-------- Excerpted records

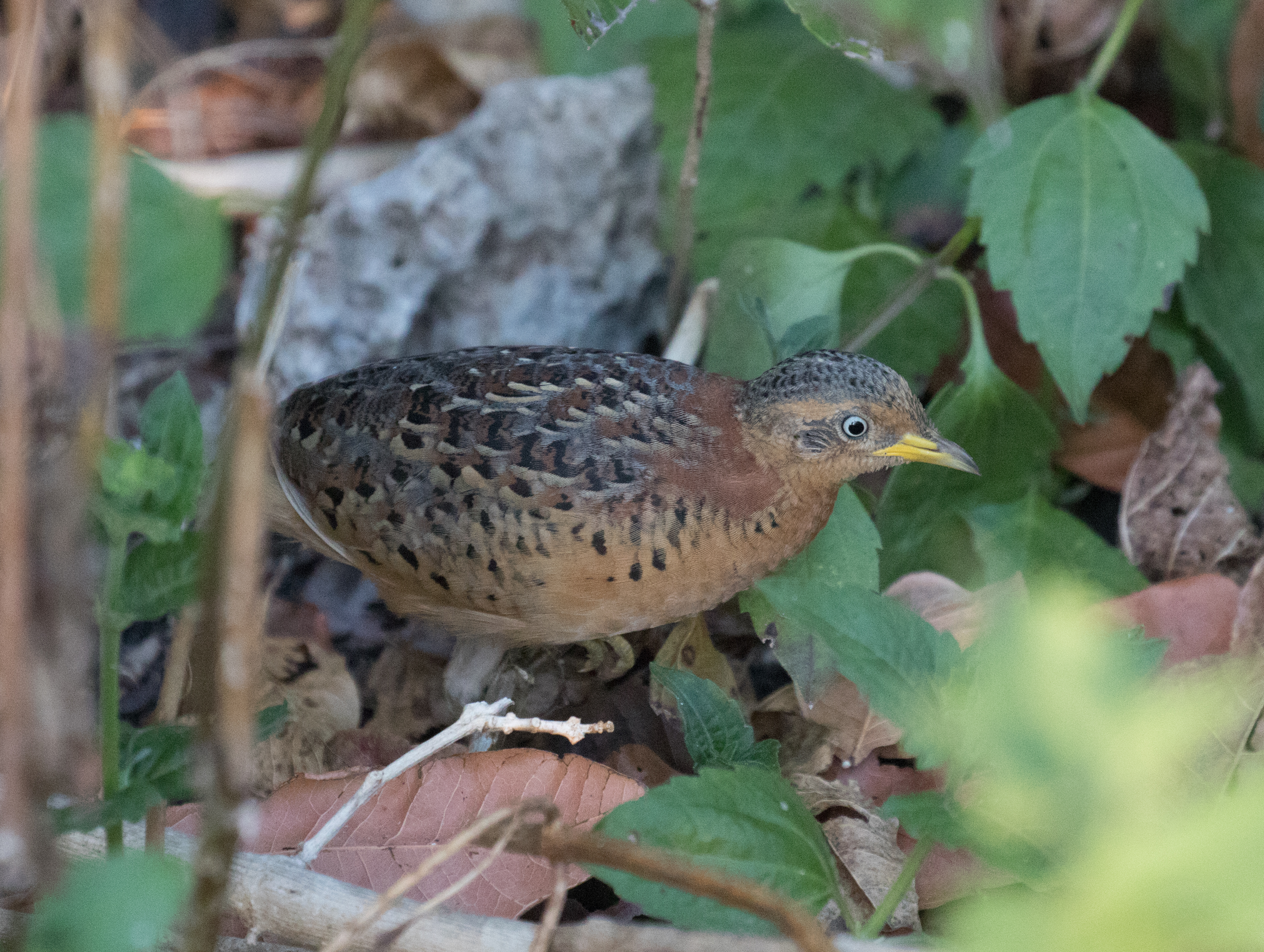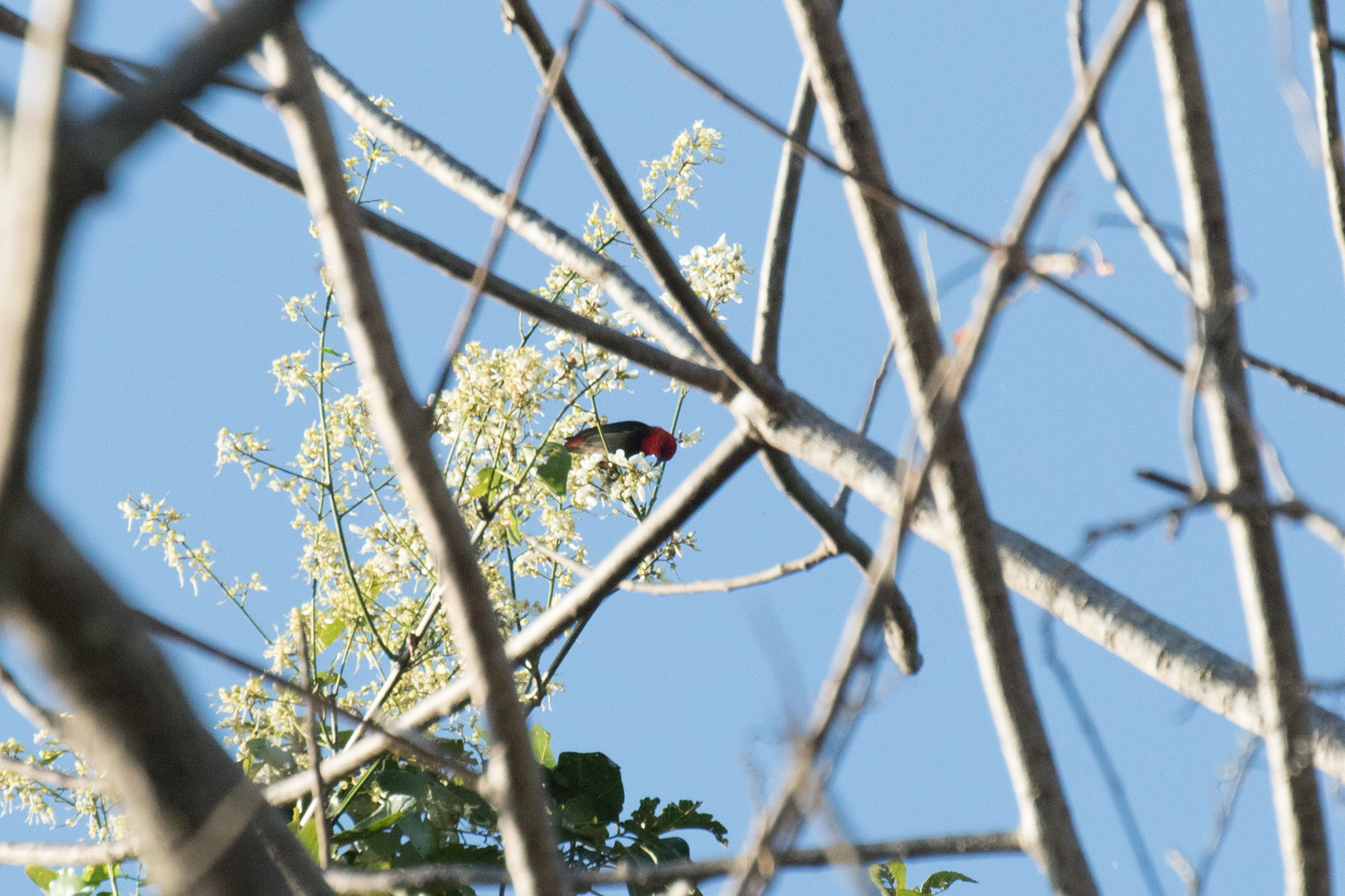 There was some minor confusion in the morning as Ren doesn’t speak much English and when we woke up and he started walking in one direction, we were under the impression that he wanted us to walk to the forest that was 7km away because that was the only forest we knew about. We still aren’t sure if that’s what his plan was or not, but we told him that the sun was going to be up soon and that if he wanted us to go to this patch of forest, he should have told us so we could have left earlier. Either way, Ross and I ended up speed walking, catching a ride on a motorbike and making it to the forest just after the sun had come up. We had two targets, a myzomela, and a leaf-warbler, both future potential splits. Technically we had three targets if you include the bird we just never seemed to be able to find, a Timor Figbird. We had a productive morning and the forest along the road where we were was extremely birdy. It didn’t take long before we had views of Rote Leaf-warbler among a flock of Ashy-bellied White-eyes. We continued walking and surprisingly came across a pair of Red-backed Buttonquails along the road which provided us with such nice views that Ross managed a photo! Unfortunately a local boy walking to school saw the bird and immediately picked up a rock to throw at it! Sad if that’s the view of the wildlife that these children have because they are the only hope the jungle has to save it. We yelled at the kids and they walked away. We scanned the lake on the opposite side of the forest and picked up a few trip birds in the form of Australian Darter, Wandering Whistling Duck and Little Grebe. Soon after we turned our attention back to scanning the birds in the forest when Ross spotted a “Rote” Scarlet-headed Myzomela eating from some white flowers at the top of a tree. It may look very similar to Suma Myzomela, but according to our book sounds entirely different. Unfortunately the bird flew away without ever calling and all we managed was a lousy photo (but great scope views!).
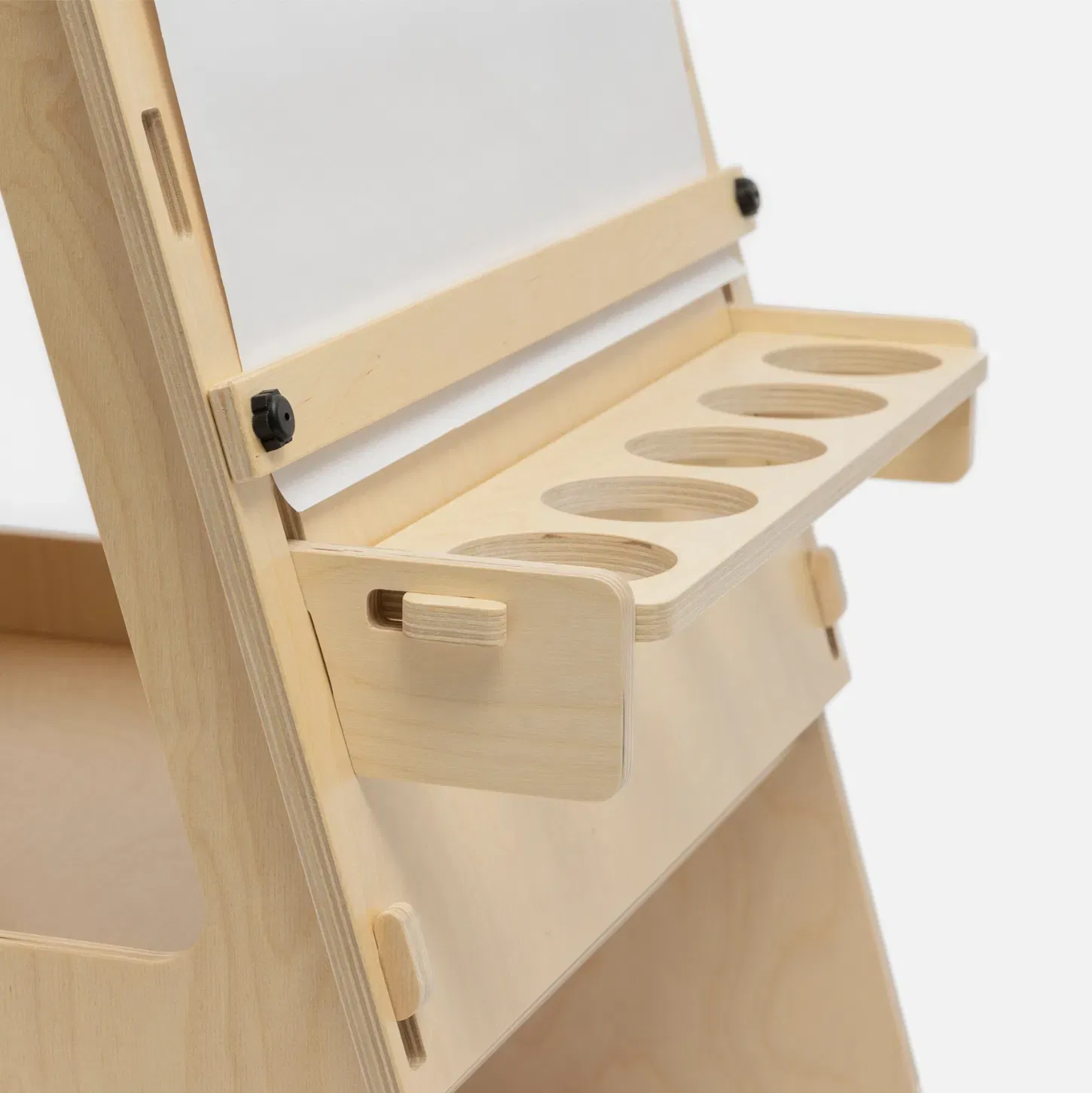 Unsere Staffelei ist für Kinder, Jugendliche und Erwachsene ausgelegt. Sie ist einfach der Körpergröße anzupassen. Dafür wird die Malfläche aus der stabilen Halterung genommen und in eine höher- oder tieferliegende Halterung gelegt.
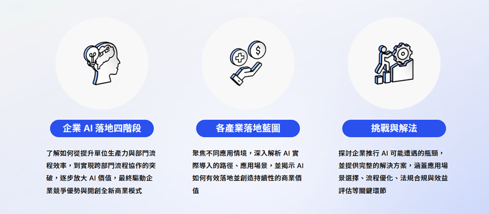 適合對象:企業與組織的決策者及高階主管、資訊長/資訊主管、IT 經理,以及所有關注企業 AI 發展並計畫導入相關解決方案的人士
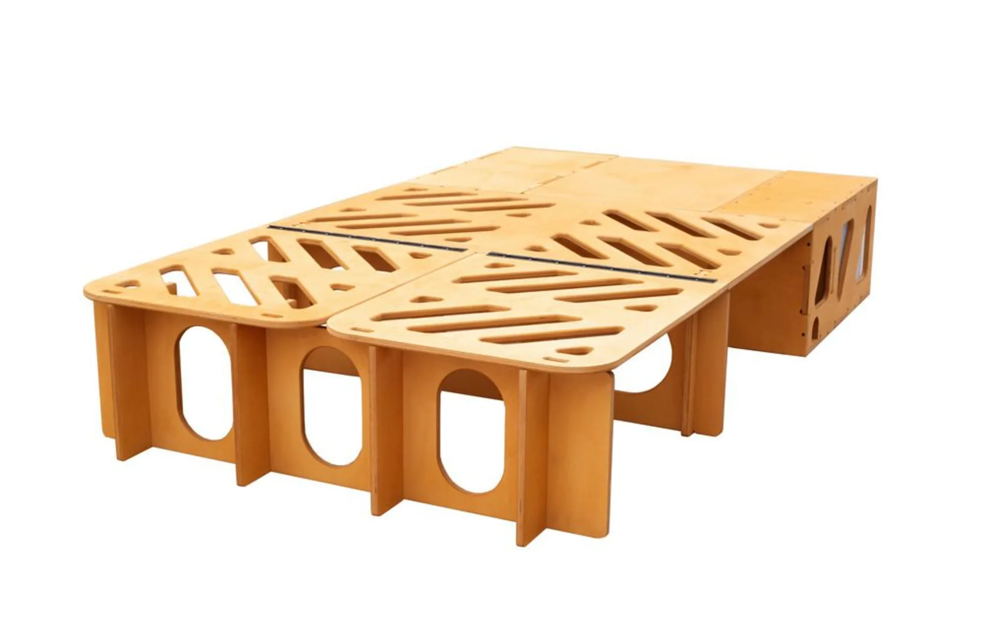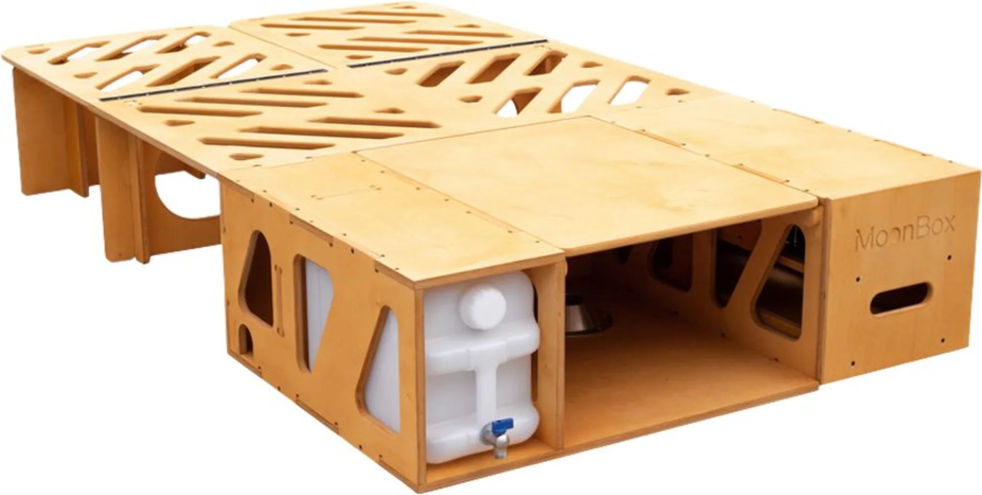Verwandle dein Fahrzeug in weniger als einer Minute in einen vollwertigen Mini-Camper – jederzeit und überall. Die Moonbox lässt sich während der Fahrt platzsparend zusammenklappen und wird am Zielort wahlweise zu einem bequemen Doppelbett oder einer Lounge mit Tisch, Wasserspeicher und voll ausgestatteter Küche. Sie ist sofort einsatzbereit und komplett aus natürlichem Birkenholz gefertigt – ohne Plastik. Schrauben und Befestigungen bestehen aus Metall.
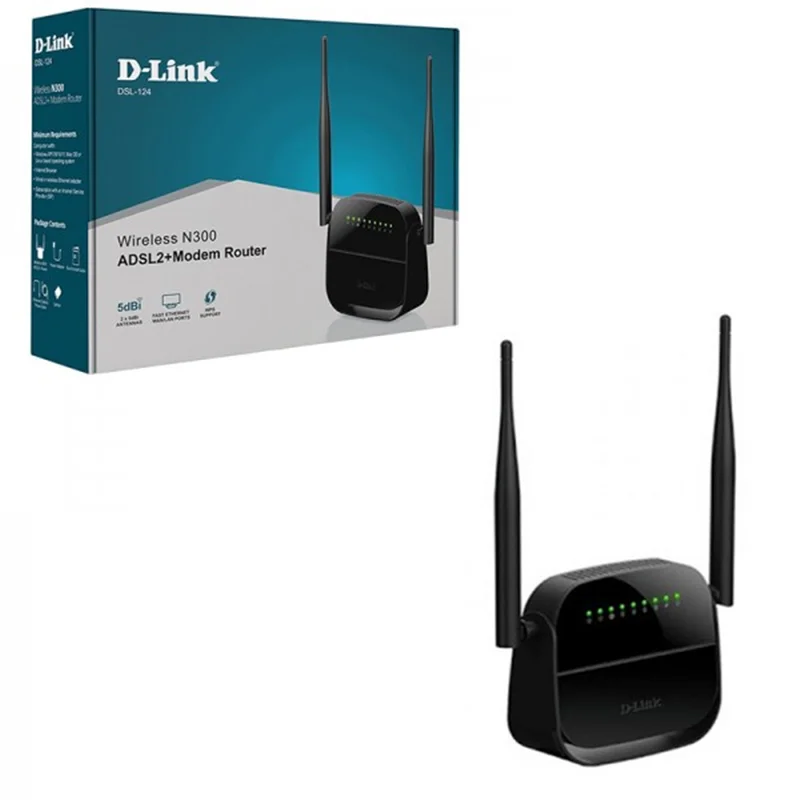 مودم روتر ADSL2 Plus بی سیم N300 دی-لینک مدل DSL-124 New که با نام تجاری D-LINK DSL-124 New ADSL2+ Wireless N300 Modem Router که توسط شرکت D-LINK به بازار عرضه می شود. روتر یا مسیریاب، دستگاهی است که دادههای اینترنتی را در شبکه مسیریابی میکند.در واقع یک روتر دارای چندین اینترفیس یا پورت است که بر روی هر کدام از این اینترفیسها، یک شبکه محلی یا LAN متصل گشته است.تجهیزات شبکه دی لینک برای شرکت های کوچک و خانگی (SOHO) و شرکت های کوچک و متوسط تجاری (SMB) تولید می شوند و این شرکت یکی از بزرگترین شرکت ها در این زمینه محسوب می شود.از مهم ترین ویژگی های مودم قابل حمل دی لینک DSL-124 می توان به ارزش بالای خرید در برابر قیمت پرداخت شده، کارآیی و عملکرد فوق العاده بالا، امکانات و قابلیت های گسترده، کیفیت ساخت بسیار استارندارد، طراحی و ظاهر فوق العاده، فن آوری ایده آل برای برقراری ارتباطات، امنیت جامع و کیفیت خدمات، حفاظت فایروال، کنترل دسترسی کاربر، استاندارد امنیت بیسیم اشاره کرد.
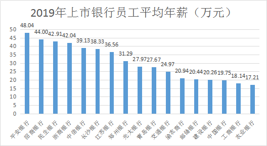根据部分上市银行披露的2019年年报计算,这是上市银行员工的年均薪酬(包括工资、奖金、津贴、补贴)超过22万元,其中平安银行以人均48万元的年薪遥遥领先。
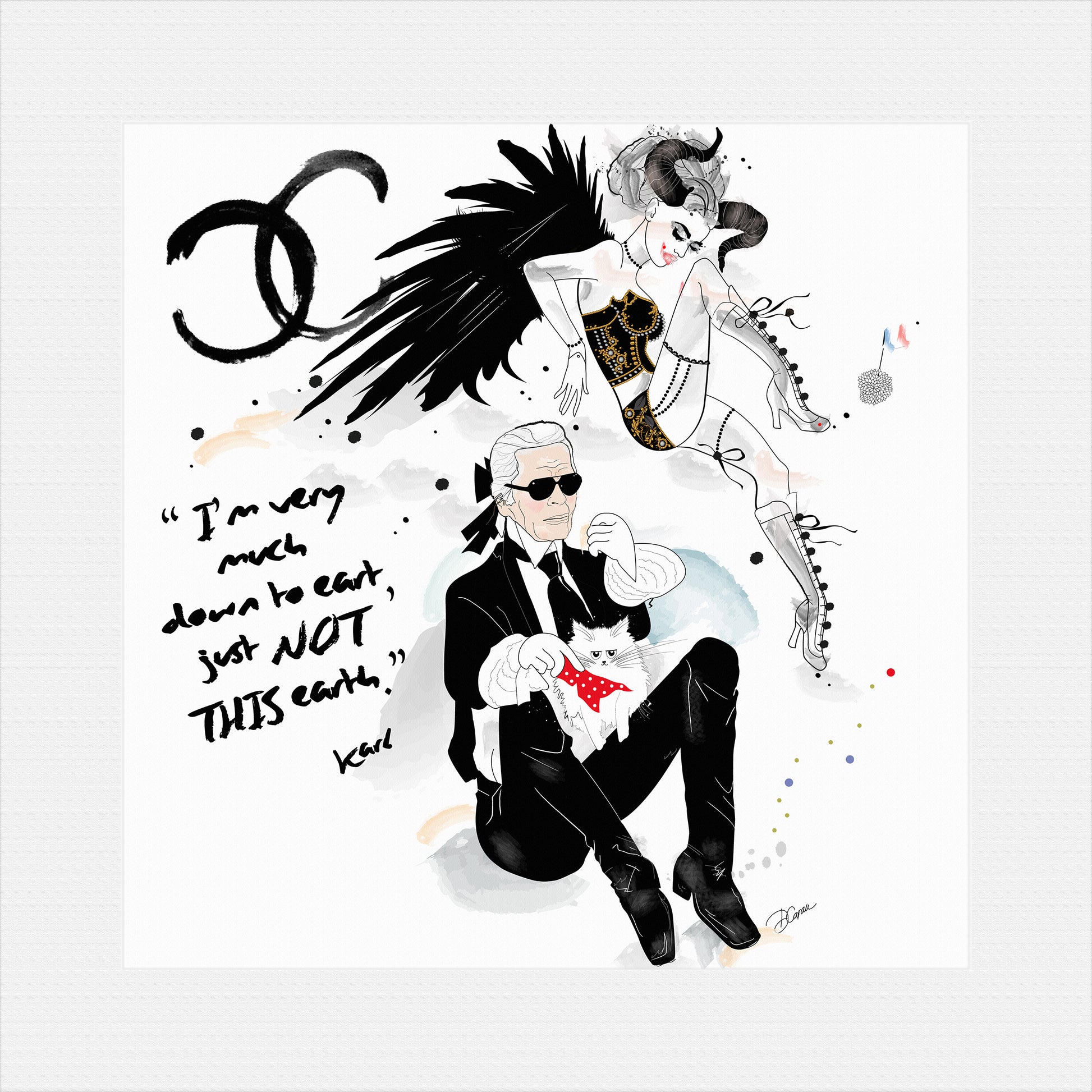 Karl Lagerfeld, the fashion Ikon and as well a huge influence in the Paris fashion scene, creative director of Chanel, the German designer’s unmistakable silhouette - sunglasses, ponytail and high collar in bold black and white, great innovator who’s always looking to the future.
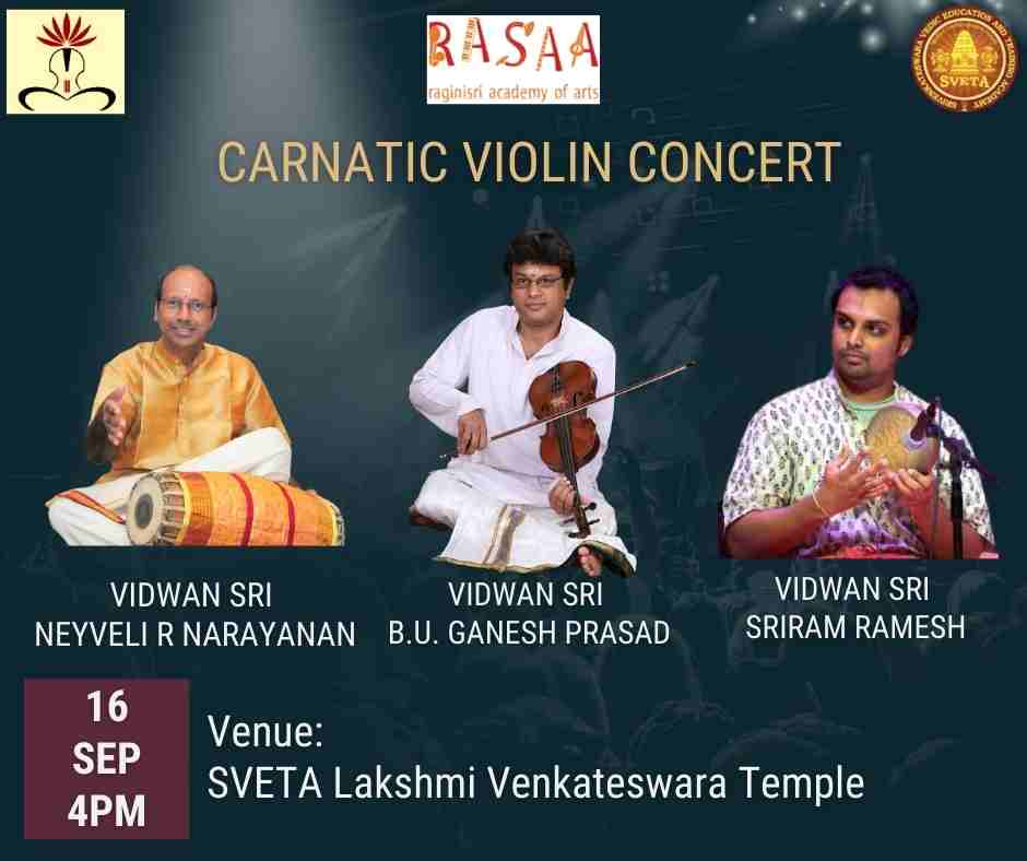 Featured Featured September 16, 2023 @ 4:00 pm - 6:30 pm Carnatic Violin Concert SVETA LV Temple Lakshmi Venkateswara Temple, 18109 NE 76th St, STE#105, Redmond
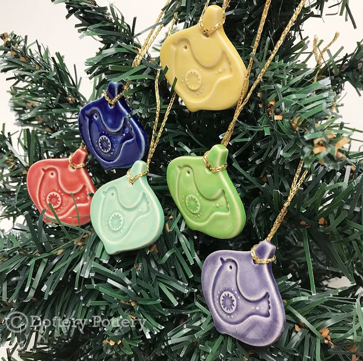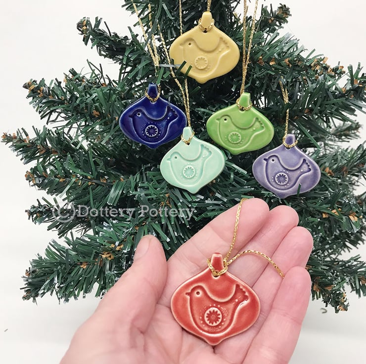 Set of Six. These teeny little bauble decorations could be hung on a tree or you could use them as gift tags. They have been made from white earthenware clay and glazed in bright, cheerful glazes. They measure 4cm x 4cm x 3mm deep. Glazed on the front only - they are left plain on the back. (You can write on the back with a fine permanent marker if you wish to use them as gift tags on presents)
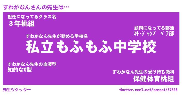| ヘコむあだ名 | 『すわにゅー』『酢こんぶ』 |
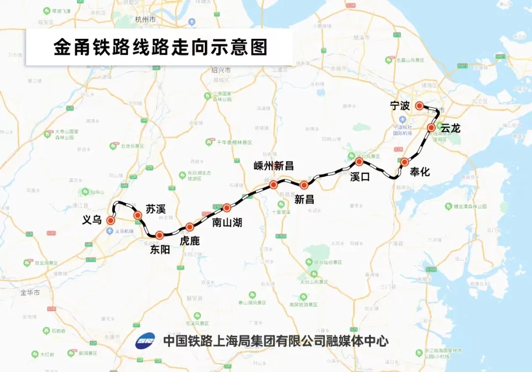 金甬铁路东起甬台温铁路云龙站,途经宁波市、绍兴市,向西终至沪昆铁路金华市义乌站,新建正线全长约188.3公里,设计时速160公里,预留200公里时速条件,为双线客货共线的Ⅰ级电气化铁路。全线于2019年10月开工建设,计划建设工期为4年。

----------------

Problem:
From the records above, copy only the lines running from the line holding "مودم روتر ADSL2" through the line holding "ヘコむあだ名 | 『すわにゅー』『酢こんぶ』 |", with no pictures.

Response to this task:
 مودم روتر ADSL2 Plus بی سیم N300 دی-لینک مدل DSL-124 New که با نام تجاری D-LINK DSL-124 New ADSL2+ Wireless N300 Modem Router که توسط شرکت D-LINK به بازار عرضه می شود. روتر یا مسیریاب، دستگاهی است که دادههای اینترنتی را در شبکه مسیریابی میکند.در واقع یک روتر دارای چندین اینترفیس یا پورت است که بر روی هر کدام از این اینترفیسها، یک شبکه محلی یا LAN متصل گشته است.تجهیزات شبکه دی لینک برای شرکت های کوچک و خانگی (SOHO) و شرکت های کوچک و متوسط تجاری (SMB) تولید می شوند و این شرکت یکی از بزرگترین شرکت ها در این زمینه محسوب می شود.از مهم ترین ویژگی های مودم قابل حمل دی لینک DSL-124 می توان به ارزش بالای خرید در برابر قیمت پرداخت شده، کارآیی و عملکرد فوق العاده بالا، امکانات و قابلیت های گسترده، کیفیت ساخت بسیار استارندارد، طراحی و ظاهر فوق العاده، فن آوری ایده آل برای برقراری ارتباطات، امنیت جامع و کیفیت خدمات، حفاظت فایروال، کنترل دسترسی کاربر، استاندارد امنیت بیسیم اشاره کرد.
根据部分上市银行披露的2019年年报计算,这是上市银行员工的年均薪酬(包括工资、奖金、津贴、补贴)超过22万元,其中平安银行以人均48万元的年薪遥遥领先。
 Karl Lagerfeld, the fashion Ikon and as well a huge influence in the Paris fashion scene, creative director of Chanel, the German designer’s unmistakable silhouette - sunglasses, ponytail and high collar in bold black and white, great innovator who’s always looking to the future.
 Featured Featured September 16, 2023 @ 4:00 pm - 6:30 pm Carnatic Violin Concert SVETA LV Temple Lakshmi Venkateswara Temple, 18109 NE 76th St, STE#105, Redmond
 Set of Six. These teeny little bauble decorations could be hung on a tree or you could use them as gift tags. They have been made from white earthenware clay and glazed in bright, cheerful glazes. They measure 4cm x 4cm x 3mm deep. Glazed on the front only - they are left plain on the back. (You can write on the back with a fine permanent marker if you wish to use them as gift tags on presents)
| ヘコむあだ名 | 『すわにゅー』『酢こんぶ』 |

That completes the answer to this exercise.